Thursday, April 12, 2012

Exploration May Be Near Naymlap Tomb

Figure found on mural near site.

Among the most colorful pre-Columbian Peruvian legends is of Naymlap, fearless founder of a centuries-old dynasty that supposedly ruled the Lambayeque Valley in northern Peru.
Archaeologist Christopher Donnan’s revelations about the legend are detailed in a new 268-page book that was just published by the UCLA Cotsen Institute of Archaeology Press, Chotuna and Chornancap: Excavating an Ancient Peruvian Legend.
According to UCLA:
As the legend goes, Naymlap arrived with a vast fleet of balsa rafts carrying an entourage that included a chief wife and many concubines. He also brought with him an idol made of green stone, and he built a palace where it was installed. In his court were a trumpeter who blew through shells much prized by the Indians; a servant who scattered the dust of pulverized seashells on the ground where Naymlap tread; and servants who tended his every need, from an official bather to the keeper of his feathered shirts. 
Throughout Naymlap’s long reign, the tale continued, people enjoyed peace until his death, kept secret by his attendants who — fearing that his followers would find out their venerated leader had succumbed to this human fate — buried him in the same room where he had lived.
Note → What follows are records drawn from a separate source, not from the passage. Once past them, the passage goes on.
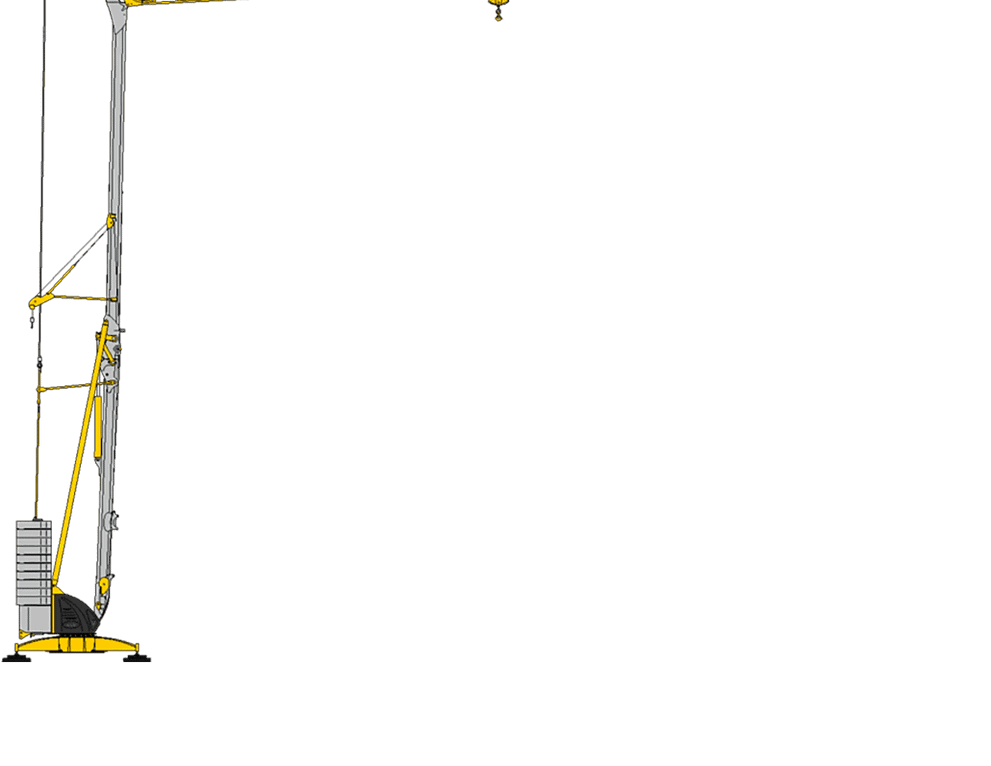 Noleggio gru idraulica automontante con braccio da 30 metri e altezza sotto gancio di 22 m. La portata massima è di 4.000 kg e la portata in punta di 1.100 kg.
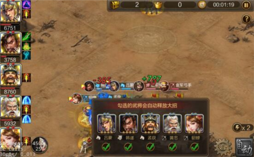 点击右下角自动按钮开启自动战斗模式,武将将自动寻敌并释放技能;上方的加速按钮可切换为二倍战斗速度;设置按钮则用于勾选自动战斗中允许释放大招的武将,实现更精细的自动战斗管理。
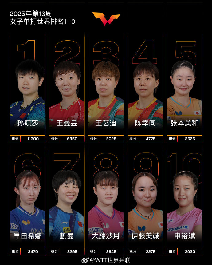 4月15日,国际乒联公布了2025年第16周世界排名。王曼昱排名第二,张本美和位列第5。
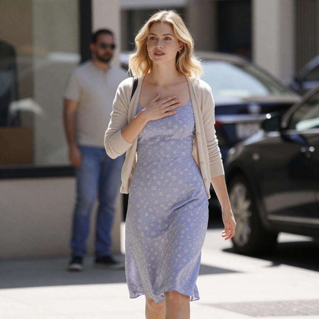 Kneeling Blonde in Sheer Top
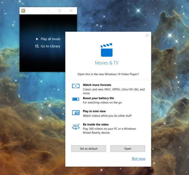 The popup message touts the Movie and TV app’s advantages, which includes better battery life if running on a phone or laptop, better compatibility with more modern video formats, a mini-view, and support for 360-degree video on Augmented Reality devices.
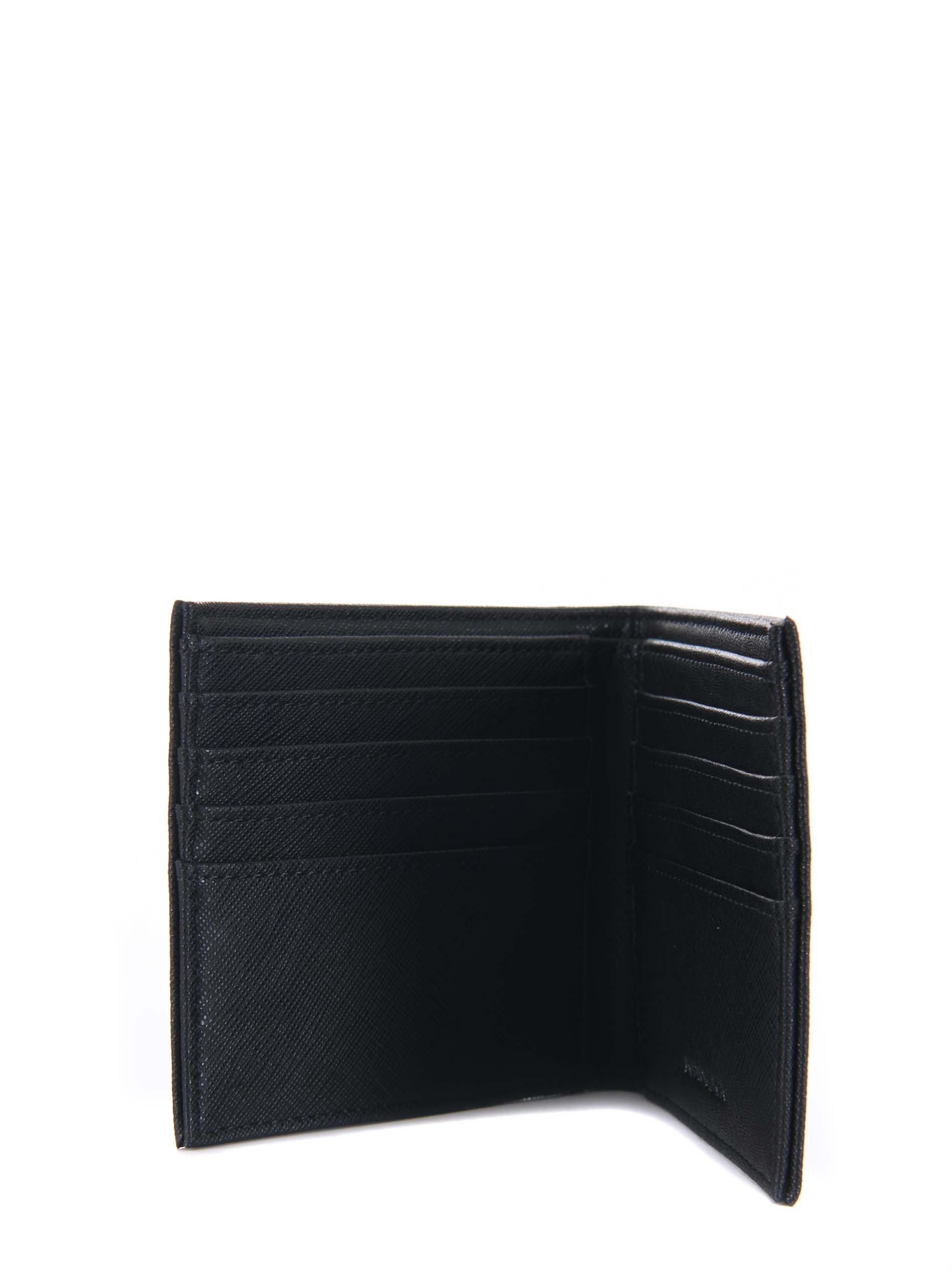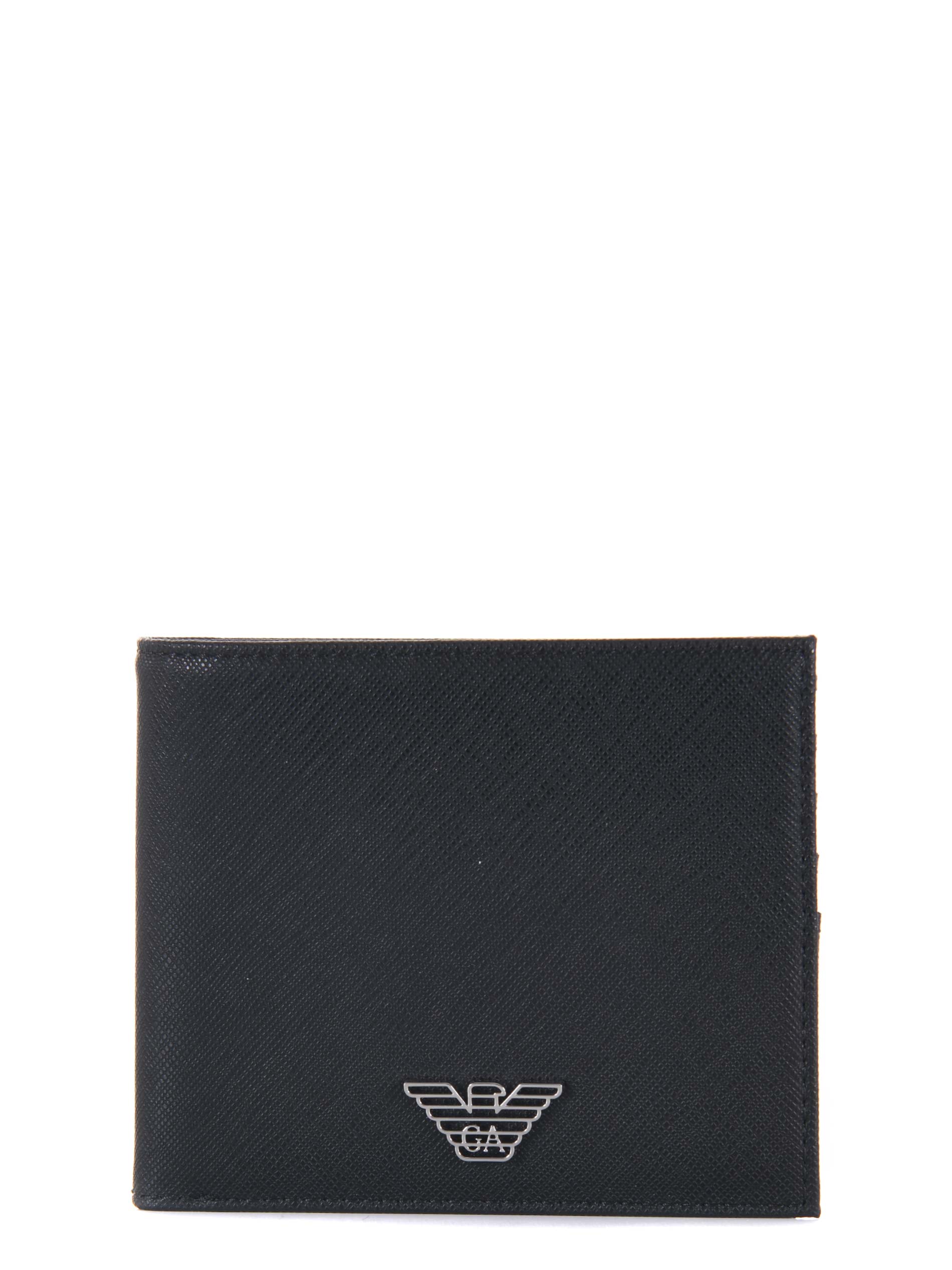 Portafoglio Emporio Armani in ecopelle motivo saffiano Nero. Logo aquila metallico applicato sul davanti. Interni foderati. Tasche porta tessere. Scomparto per le banconote.
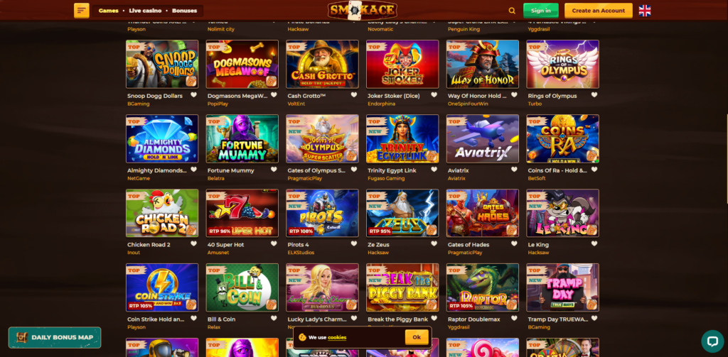 Wenn Vielfalt die Würze des Lebens ist, dann ist die Spielbibliothek von Smokace ein wahres Feuerwerk. Unterstützt von Top-Entwicklern wie NetEnt, Play’n GO und Evolution Gaming, bietet sie über 2.000 Spiele für jeden Geschmack.
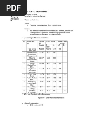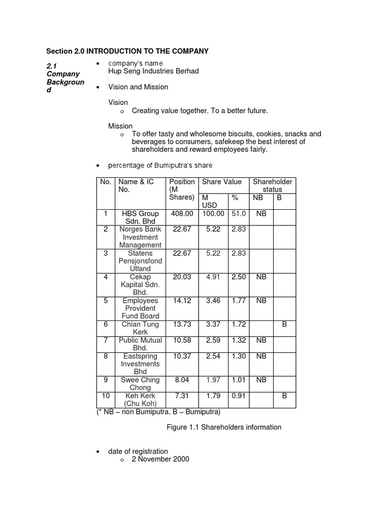 Full Report Hup Seng 1 0 Background Of The Company Hup Seng Industries Berhad Hsib S Mission Is To Produce Quality Fast Moving Consumer Products And Course Hero

Saddened by his mysterious disappearance, many of his followers abandoned their homes to find him.
Donnan and his UCLA team of students and fellow archaeologists found a wealth of ceramics, burials, colorful wall murals and other materials in an area that once was the location of domestic dwellings, pyramids, palace complexes, walled enclosures and a room-filled site. In other words, the archaeologist said, “What we found was perfectly in keeping with the legend.”